- [Exercise requirements] Retype the opening lines of the listing below, ending with the line that contains "Calcetines Becksondergaard confeccionados", and leave out any pictures.

·····

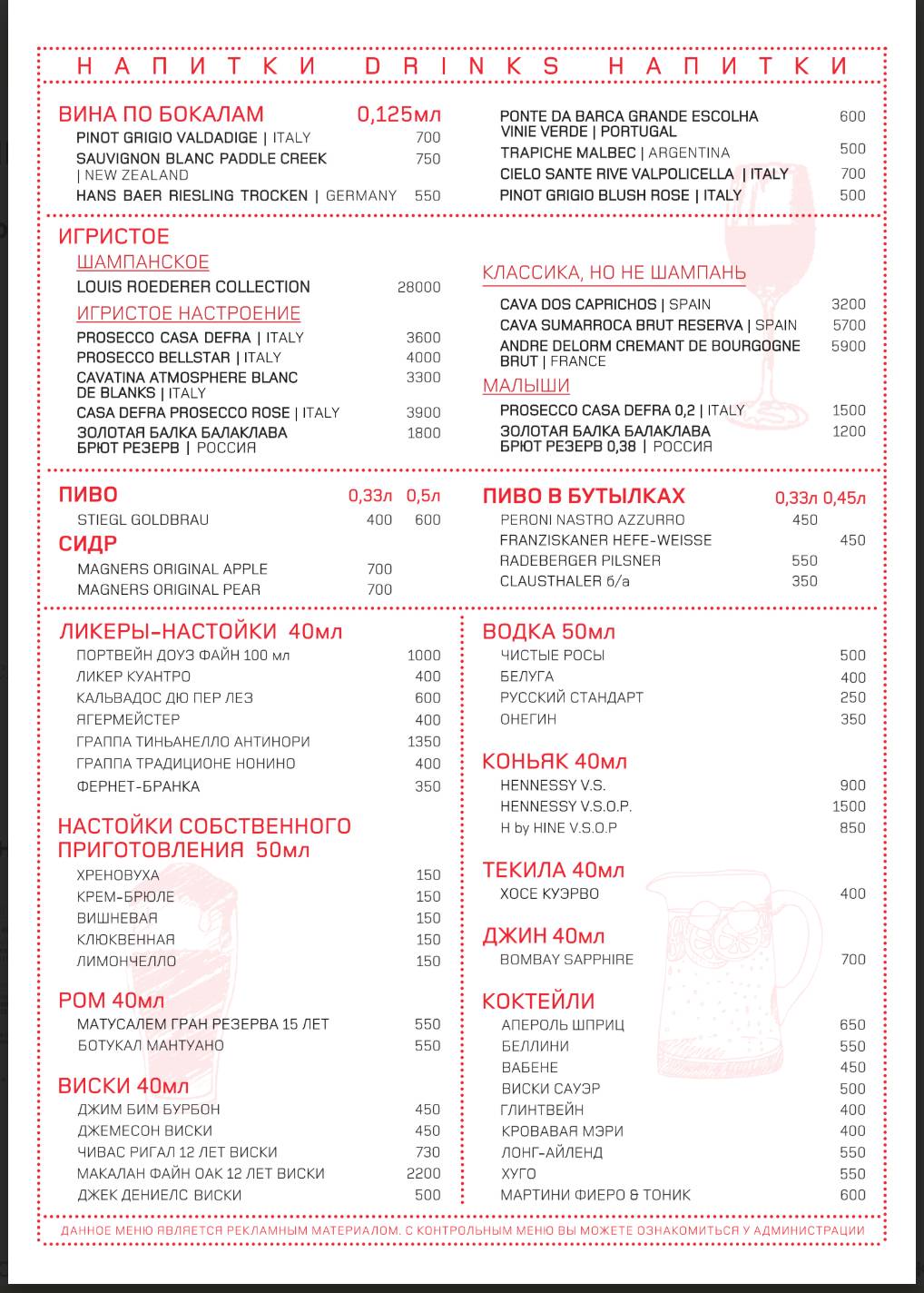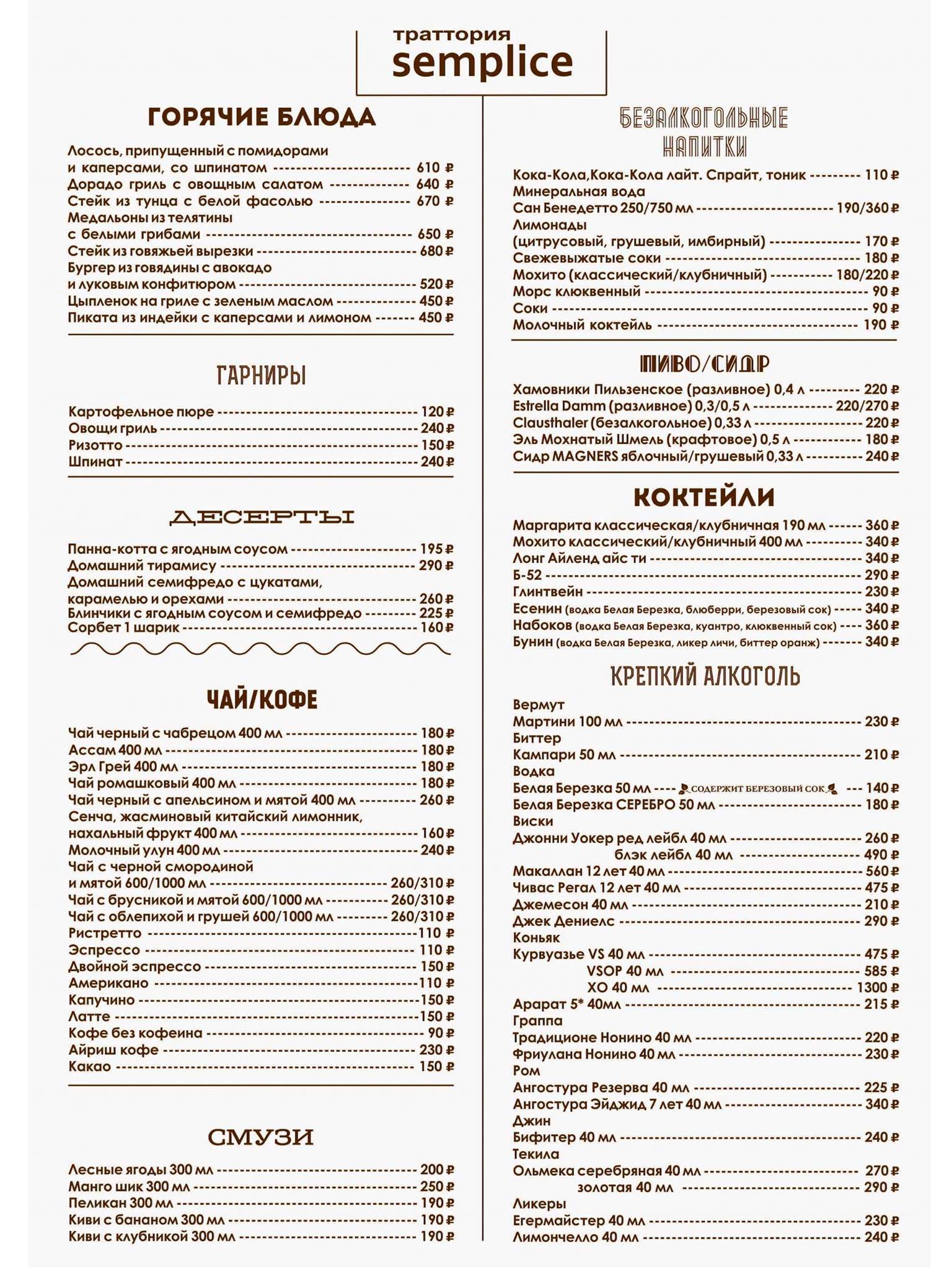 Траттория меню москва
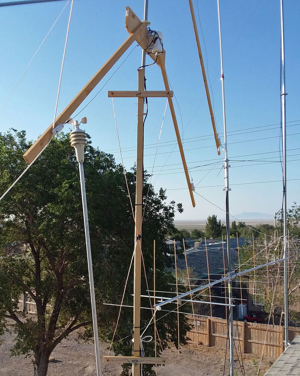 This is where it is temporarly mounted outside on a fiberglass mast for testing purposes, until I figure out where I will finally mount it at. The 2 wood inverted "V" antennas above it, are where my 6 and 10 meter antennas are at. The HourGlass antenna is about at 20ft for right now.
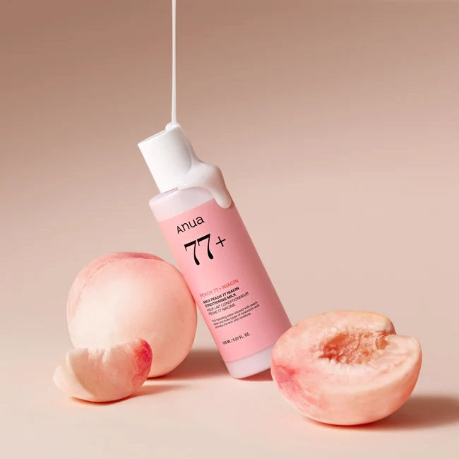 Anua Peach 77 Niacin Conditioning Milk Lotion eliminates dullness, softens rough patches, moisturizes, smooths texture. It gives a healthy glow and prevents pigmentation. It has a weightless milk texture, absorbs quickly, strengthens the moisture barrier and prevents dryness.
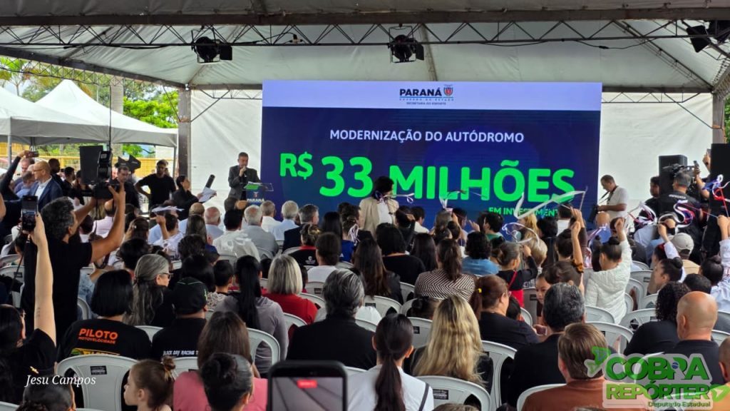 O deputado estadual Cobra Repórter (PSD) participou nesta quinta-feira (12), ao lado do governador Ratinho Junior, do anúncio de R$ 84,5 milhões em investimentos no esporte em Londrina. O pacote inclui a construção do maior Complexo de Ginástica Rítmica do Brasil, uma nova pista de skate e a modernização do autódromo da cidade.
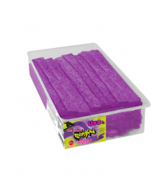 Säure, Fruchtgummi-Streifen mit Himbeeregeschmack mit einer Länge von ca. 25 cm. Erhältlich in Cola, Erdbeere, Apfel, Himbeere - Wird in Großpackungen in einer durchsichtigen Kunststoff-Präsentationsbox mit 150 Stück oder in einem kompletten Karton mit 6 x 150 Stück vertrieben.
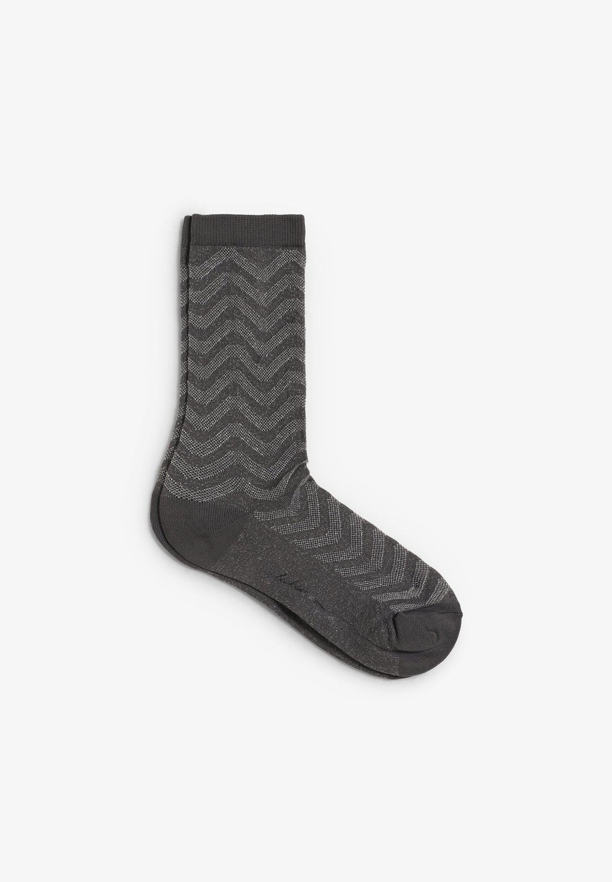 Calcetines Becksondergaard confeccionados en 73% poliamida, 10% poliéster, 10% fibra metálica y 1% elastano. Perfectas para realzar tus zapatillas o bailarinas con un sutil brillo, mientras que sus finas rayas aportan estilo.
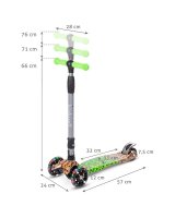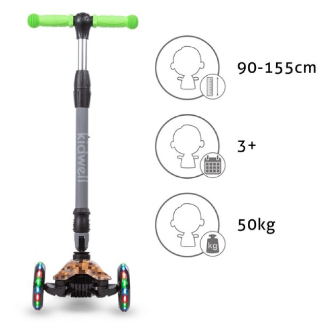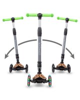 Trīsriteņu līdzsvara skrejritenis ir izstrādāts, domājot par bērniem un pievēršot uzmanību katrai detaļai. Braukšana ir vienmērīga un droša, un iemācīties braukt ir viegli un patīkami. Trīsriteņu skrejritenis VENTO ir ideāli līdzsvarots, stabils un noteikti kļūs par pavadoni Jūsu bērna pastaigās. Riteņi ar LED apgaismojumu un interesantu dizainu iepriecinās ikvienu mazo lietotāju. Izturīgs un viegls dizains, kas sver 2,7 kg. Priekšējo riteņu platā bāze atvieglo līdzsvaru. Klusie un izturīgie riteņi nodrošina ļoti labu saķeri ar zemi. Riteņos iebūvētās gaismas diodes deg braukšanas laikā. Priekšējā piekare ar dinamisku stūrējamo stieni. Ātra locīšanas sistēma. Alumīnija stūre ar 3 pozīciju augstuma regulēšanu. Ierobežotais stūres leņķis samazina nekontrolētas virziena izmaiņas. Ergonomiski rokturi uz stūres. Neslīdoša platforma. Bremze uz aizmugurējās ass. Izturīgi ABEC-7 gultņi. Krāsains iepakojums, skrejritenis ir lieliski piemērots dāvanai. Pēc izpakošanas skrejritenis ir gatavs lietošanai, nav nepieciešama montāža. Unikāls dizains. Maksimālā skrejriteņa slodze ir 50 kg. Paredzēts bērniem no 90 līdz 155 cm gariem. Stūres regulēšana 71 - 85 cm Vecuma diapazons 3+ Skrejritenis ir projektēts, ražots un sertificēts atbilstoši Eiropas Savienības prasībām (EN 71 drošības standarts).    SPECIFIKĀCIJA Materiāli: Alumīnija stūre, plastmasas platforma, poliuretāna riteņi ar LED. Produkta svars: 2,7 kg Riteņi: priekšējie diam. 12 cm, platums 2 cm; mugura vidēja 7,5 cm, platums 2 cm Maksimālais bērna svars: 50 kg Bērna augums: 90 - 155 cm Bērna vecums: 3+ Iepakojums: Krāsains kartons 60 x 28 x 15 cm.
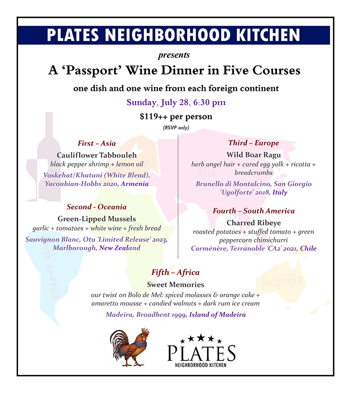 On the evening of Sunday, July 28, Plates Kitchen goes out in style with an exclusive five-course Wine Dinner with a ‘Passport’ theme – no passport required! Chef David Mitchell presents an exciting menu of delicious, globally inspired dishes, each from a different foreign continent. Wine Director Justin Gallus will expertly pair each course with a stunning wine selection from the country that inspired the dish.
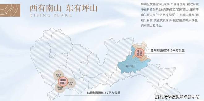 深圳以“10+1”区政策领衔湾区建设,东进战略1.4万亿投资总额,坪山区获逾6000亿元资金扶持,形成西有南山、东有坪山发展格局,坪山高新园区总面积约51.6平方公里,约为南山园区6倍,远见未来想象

·····

- [Task solution]
 Траттория меню москва
 This is where it is temporarly mounted outside on a fiberglass mast for testing purposes, until I figure out where I will finally mount it at. The 2 wood inverted "V" antennas above it, are where my 6 and 10 meter antennas are at. The HourGlass antenna is about at 20ft for right now.
 Anua Peach 77 Niacin Conditioning Milk Lotion eliminates dullness, softens rough patches, moisturizes, smooths texture. It gives a healthy glow and prevents pigmentation. It has a weightless milk texture, absorbs quickly, strengthens the moisture barrier and prevents dryness.
 O deputado estadual Cobra Repórter (PSD) participou nesta quinta-feira (12), ao lado do governador Ratinho Junior, do anúncio de R$ 84,5 milhões em investimentos no esporte em Londrina. O pacote inclui a construção do maior Complexo de Ginástica Rítmica do Brasil, uma nova pista de skate e a modernização do autódromo da cidade.
 Säure, Fruchtgummi-Streifen mit Himbeeregeschmack mit einer Länge von ca. 25 cm. Erhältlich in Cola, Erdbeere, Apfel, Himbeere - Wird in Großpackungen in einer durchsichtigen Kunststoff-Präsentationsbox mit 150 Stück oder in einem kompletten Karton mit 6 x 150 Stück vertrieben.
 Calcetines Becksondergaard confeccionados en 73% poliamida, 10% poliéster, 10% fibra metálica y 1% elastano. Perfectas para realzar tus zapatillas o bailarinas con un sutil brillo, mientras que sus finas rayas aportan estilo.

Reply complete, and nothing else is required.